The Voice of Blythewood & Fairfield County

Teeth Have Numbers?

I recently sat down with Cassandra Brown, who owns a dental school and is a resident of Ridgeway, for an interview. We talked about teeth, dental education, and all the grown-up things that come with it. I walked away thinking I’d learned something useful.

Robertson

I didn’t realize how much thinking I was about to do.

Somewhere in the conversation, Cassandra mentioned tooth numbering. Like… teeth have numbers. Each one. A whole system. I’m not going to lie, I didn’t know teeth had numbers. I thought dentists just pointed and said, “This one doesn’t look right…”

That realization sent my brain on a journey.

Because once you realize teeth have numbers, you start realizing how many important things in life have systems nobody ever sat you down and explained.

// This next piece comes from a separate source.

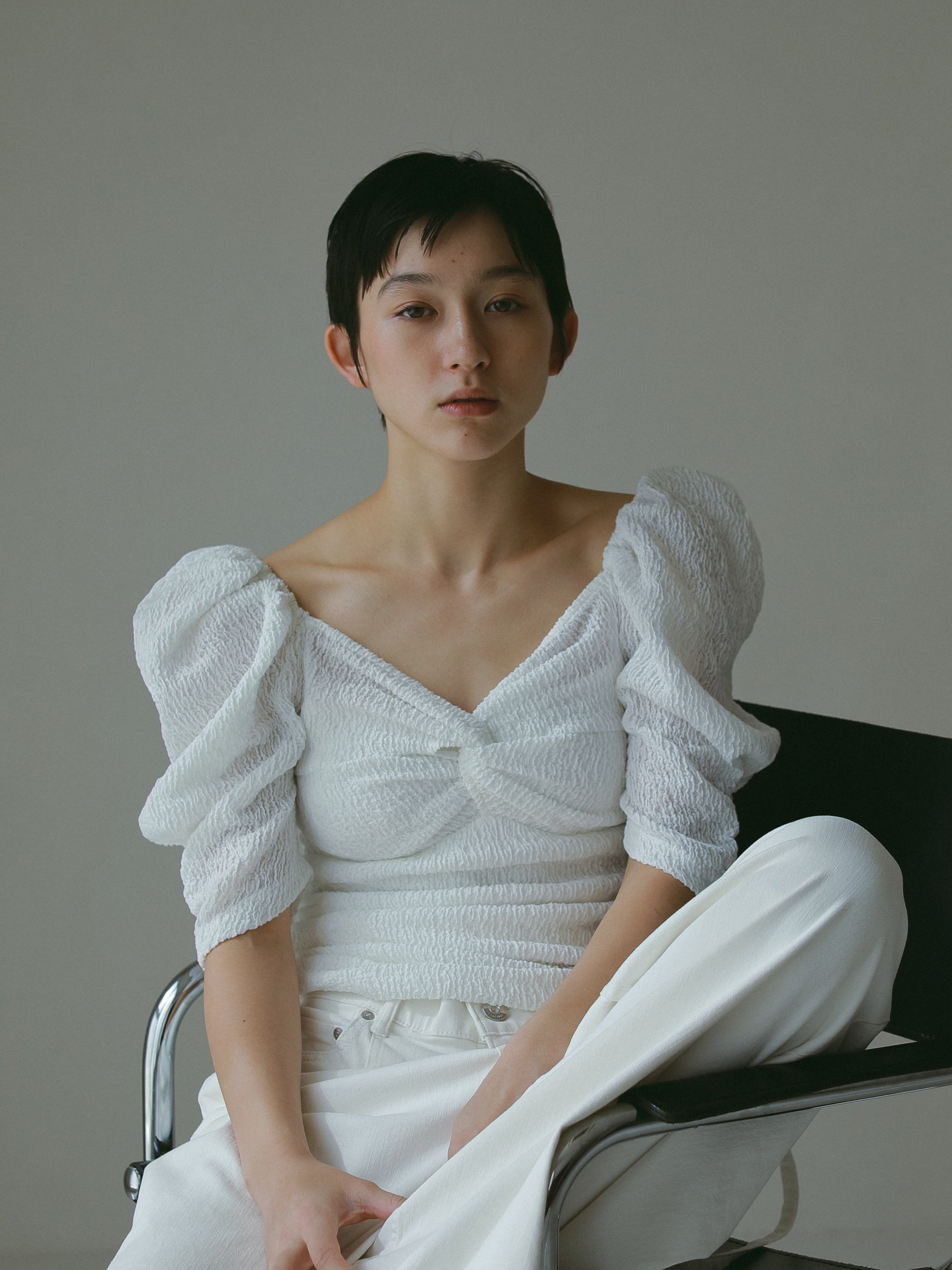 CASA FLINE大人気のカップ付きギャザートップスから新素材バージョンが登場。

You just find out when it hurts.

Which brings me to a long, long time ago. Looonngg time ago.

There was a woman I was very interested in dating. In my head, we were going to get married, while in reality… we hadn’t been on a single date yet. Details have never stopped a good delusion.

My dad and I were putting brand-new tires on her car. And by “my dad and I,” I mean my dad was doing all the work and I was standing there just in case he needed me to hold the flashlight steady. Teamwork makes the dream work, baby!

We were all talking, laughing, having a good time, and somehow teeth come up and I decide to say, “I make my own toothpaste with coconut oil, essential oils, and baking soda. I’ve been doing it for like two years now!”

My dad then said to her and all of God’s creation, “So what you’re trying to tell us is you haven’t brushed your teeth in two years.”

Loud. Confident. In front of the woman I thought I was about to marry. (Again, delusional!)

Needless to say, we never went on that date. She did, however, drive away with some brand-new tires. Real smooth. There’s an old saying about not buying a woman shoes or she’ll walk out of your life. We bought her shoes for her car. And away she went. I saw her recently and her tires are bald now. She needs to go back and see my dad.

For the record, I was making my own toothpaste because I’m a teacher. And what’s the one thing teachers don’t have a lot of? Say it with me, class. That’s right. Money. I was trying to save.

That’s adulthood in a nutshell. Nobody tells you what really matters until it costs you something. Taxes, for example. If income taxes are so important, why do I have to figure out how much I owe you? If I’m doing the work, why don’t I just keep the money and we call it even?

And college. Don’t get me started on that pyramid scheme. I know, I know. I’m a teacher, relax. Some people should absolutely go. But not everybody. That’s a different column. Just know a lot of us signed paperwork at eighteen and didn’t fully understand it until… honestly, I still don’t know what I signed. Plausible deniability! No?! That’s not how that works? Shucks!

Anywho…

Laugh at me if you want, but making my own toothpaste definitely left my teeth shiny and my wallet with a little more money. Seriously though, this message was not approved by the ADA. Do not take my advice on dental hygiene. I’ll leave that to the professionals, like Cassandra.

Kenny Robertson, an educator and comedian, is a native of Ridgeway.